Durante mucho tiempo nadie creyó que las sagas contasen hechos reales, sobre todo las que trataban de Vinland. Hasta que, en los años 60, un grupo de arqueólogos, dirigidos por el noruego Helge Ingstad, descubrieron en L'anse aux Meadows, al norte de Terranova (Canadá), los restos de ocho casas similares a las viviendas vikingas y algunos utensilios de uso común entre los nórdicos. No se sabe exactamente si ese es el lugar al que Leif Eriksson llamó Vinland y donde construyó sus casas, ya que el paisaje que describen las sagas puede haber variado debido a las transformaciones climáticas de los últimos mil años, pero hasta el momento no se ha encontrado nada mejor. L’Anse aux Medaws es ahora un Monumento Histórico Nacional de Canadá y está incluido en el Patrimonio de la Humanidad de la Unesco.

En este tema hay tantas teorías como teóricos. Si está bastante claro que Helluland sea la isla de Baffin y Markland algún lugar de Terranova o Labrador, la ubicación de Vinland es más problemátic a y las teorías van por todo el litoral atlántico de Norteamérica, desde Nueva Inglaterra hasta Florida, aunque el experto en temas nórdicos Erik Whalgren, que ha estudiado a fondo las sagas y ha recorrido la región, además de poner en evidencia falsas pruebas vikingas en Norteamérica, la sitúa entre las actuales fronteras de Canadá y Estados Unidos, justo en la bahía de Passasmaquoddy, cuyas condiciones orográficas y el tipo de mareas coincide bastante con el descrito en las sagas; en esas inmediaciones también puede situarse el límite norte del crecimiento de las vides y los cereales salvajes así como el límite sur de los ríos salmoneros.

Por mucho que se haya puesto en duda, la llegada a Vinland tiene poco de extraordinario, dentro del contexto de los viajes vikingos. Sus barcos fueron la gran obra de ingeniería de su época. Si llegaron hasta Islandia atravesando todo el Atlántico, ¿cómo no iban a llegar desde Groenlandia hasta el noroeste de la actual Canadá, cuando sólo lo separa una distancia de una treintena de kilómetros? El resto sólo era cuestión de seguir la navegación costera hacia el sur, hasta llegar a tierras de clima más suave. Lo realmente extraordinario hubiera sido que nunca lo hubiesen hecho.

En 1893, poco después de que se rescatara el barco de Gokstad (Noruega) en unas excavaciones arqueológicas, se hizo una réplica exacta del mismo, usando los mismos materiales y las mismas herramientas que usaban los vikingos.
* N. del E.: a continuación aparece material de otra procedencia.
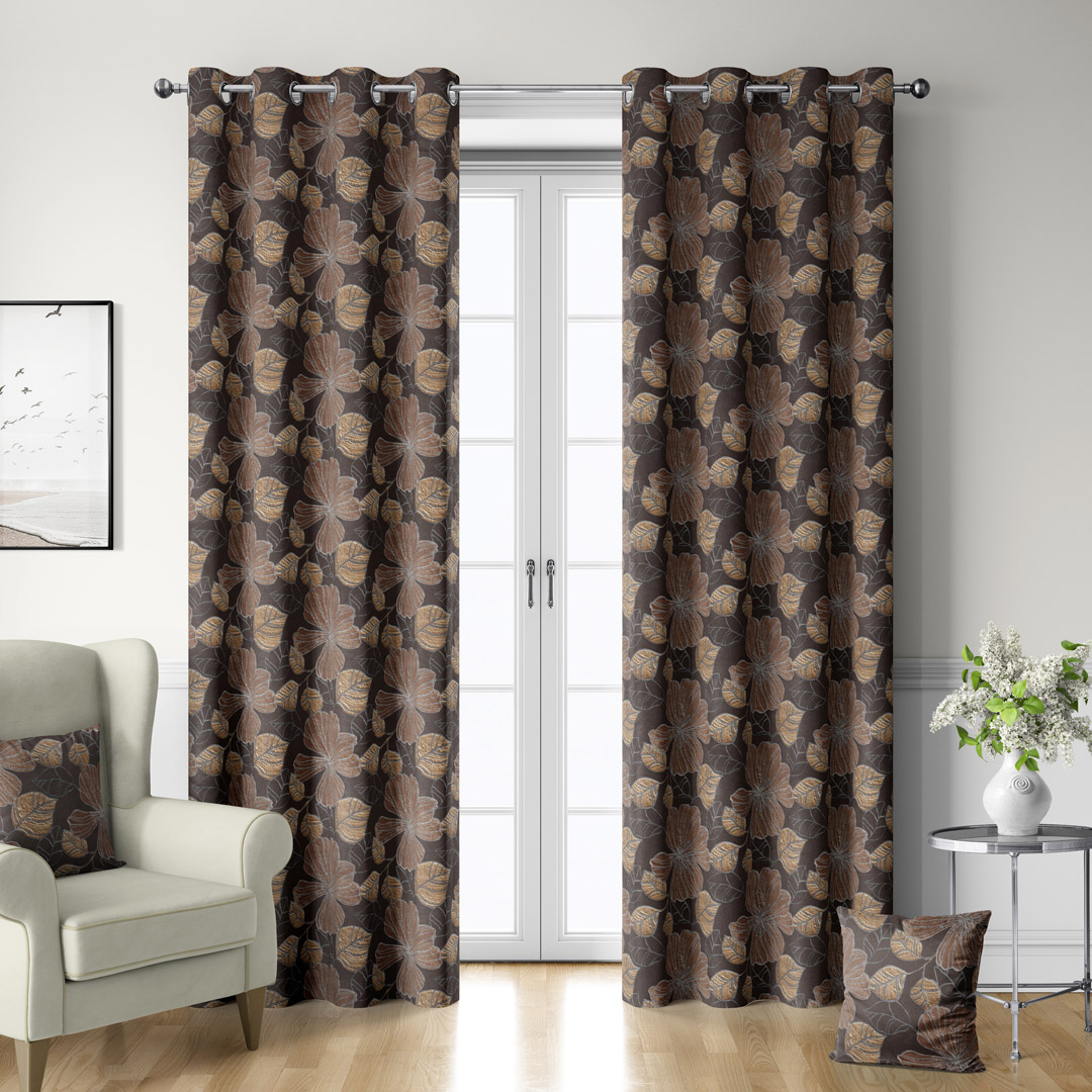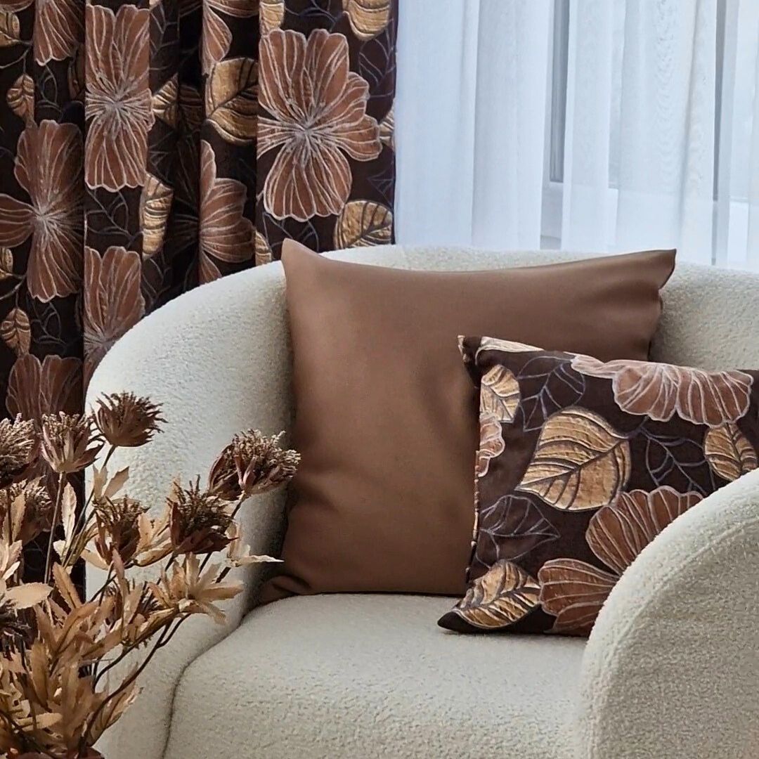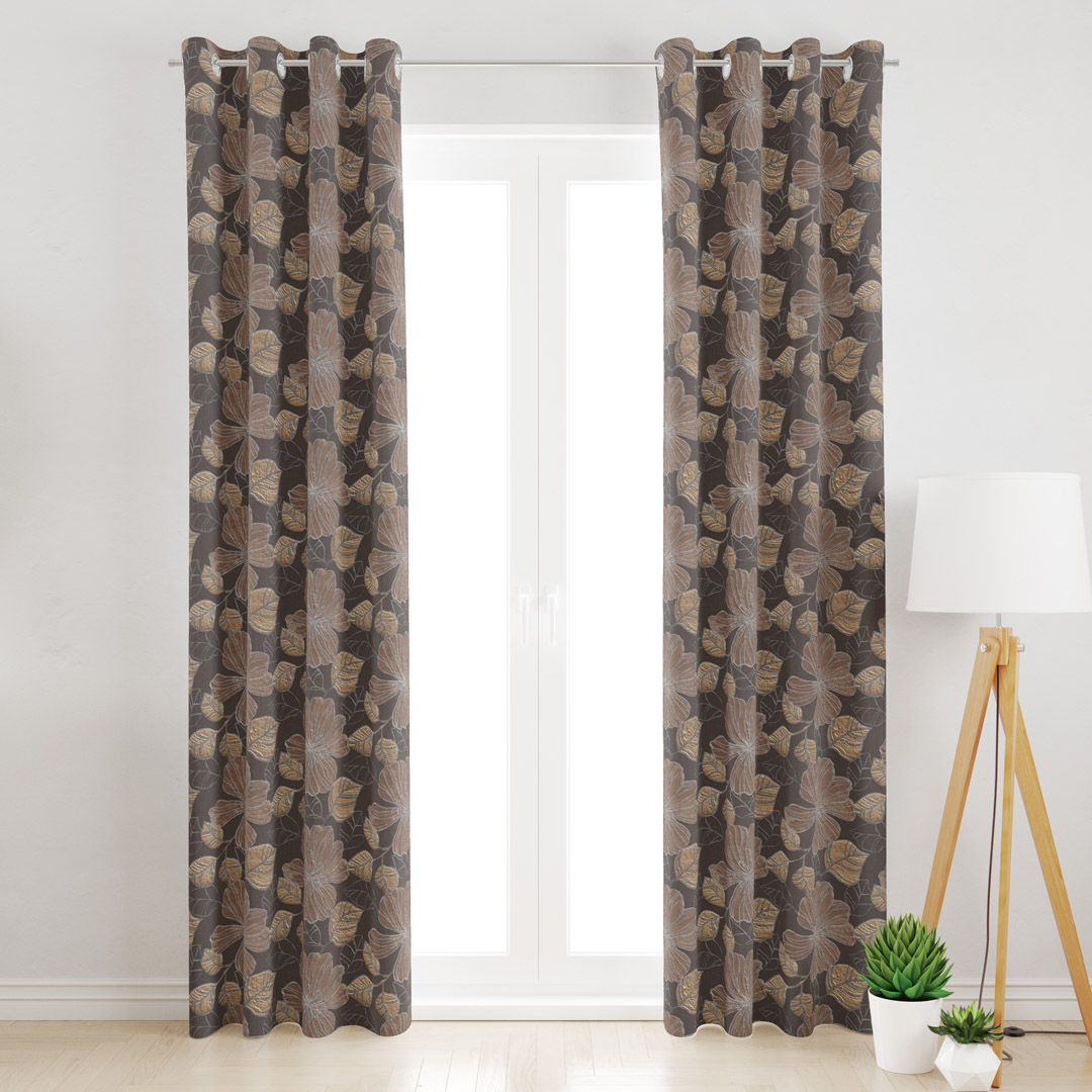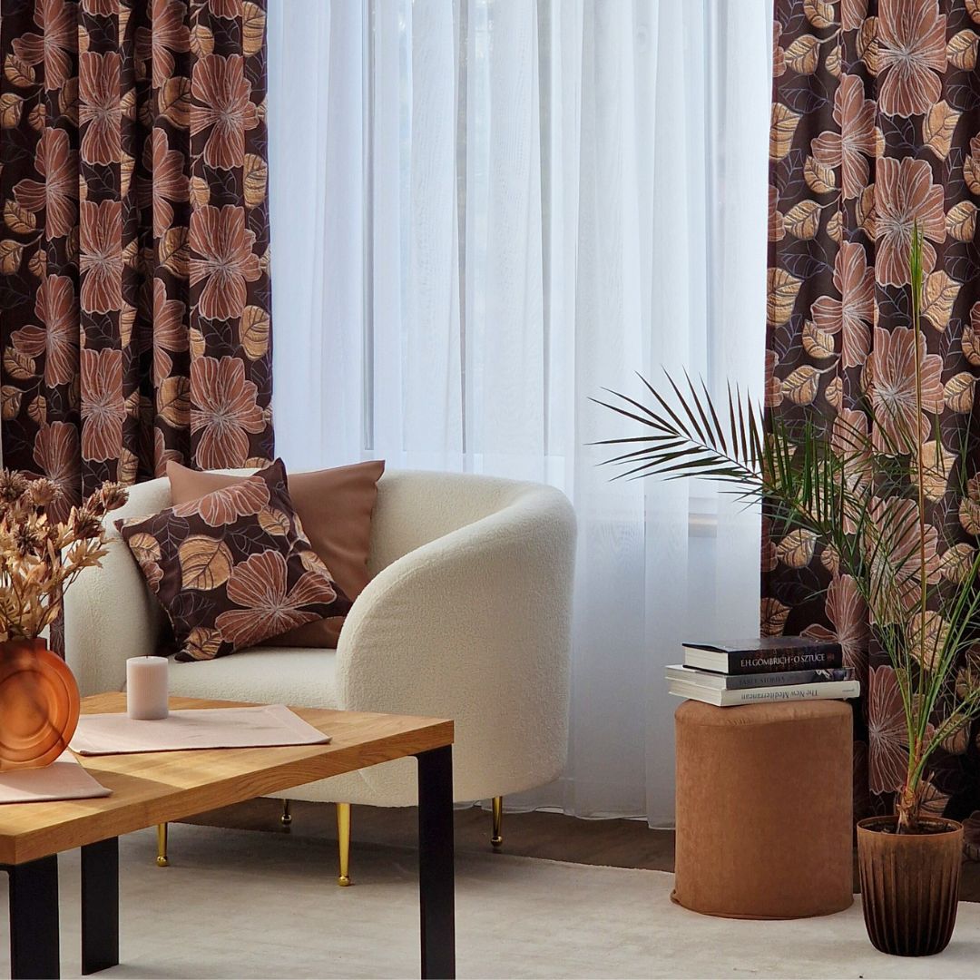 Brązowe zasłony velvetowe w liście na przelotkach – elegancja i wygoda w jednym

Y ese barco, capitaneado por Magnus Andersen, cubrió en 27 días la distancia que separa Noruega de Estados Unidos, donde fue exhibido en la feria universal de Chicago.

Y, de todas maneras, la llegada de los vikingos en el año 1000 no invalida en absoluto los méritos de Cristóbal Colón. Según todas las historias de colonizaciones vikingas, el mérito se lo llevaba quien conseguía que se mantuviese en un nuevo lugar una comunidad de manera estable, no el que primero hubiese llegado. Cuando Colón llegó a América, las colonias de Groenlandia ya no existían, el cristianismo había acabado con las tradiciones vikingas y el recuerdo de Vinland posiblemente ya estaba borrado de la memoria de la mayoría de los nórdicos.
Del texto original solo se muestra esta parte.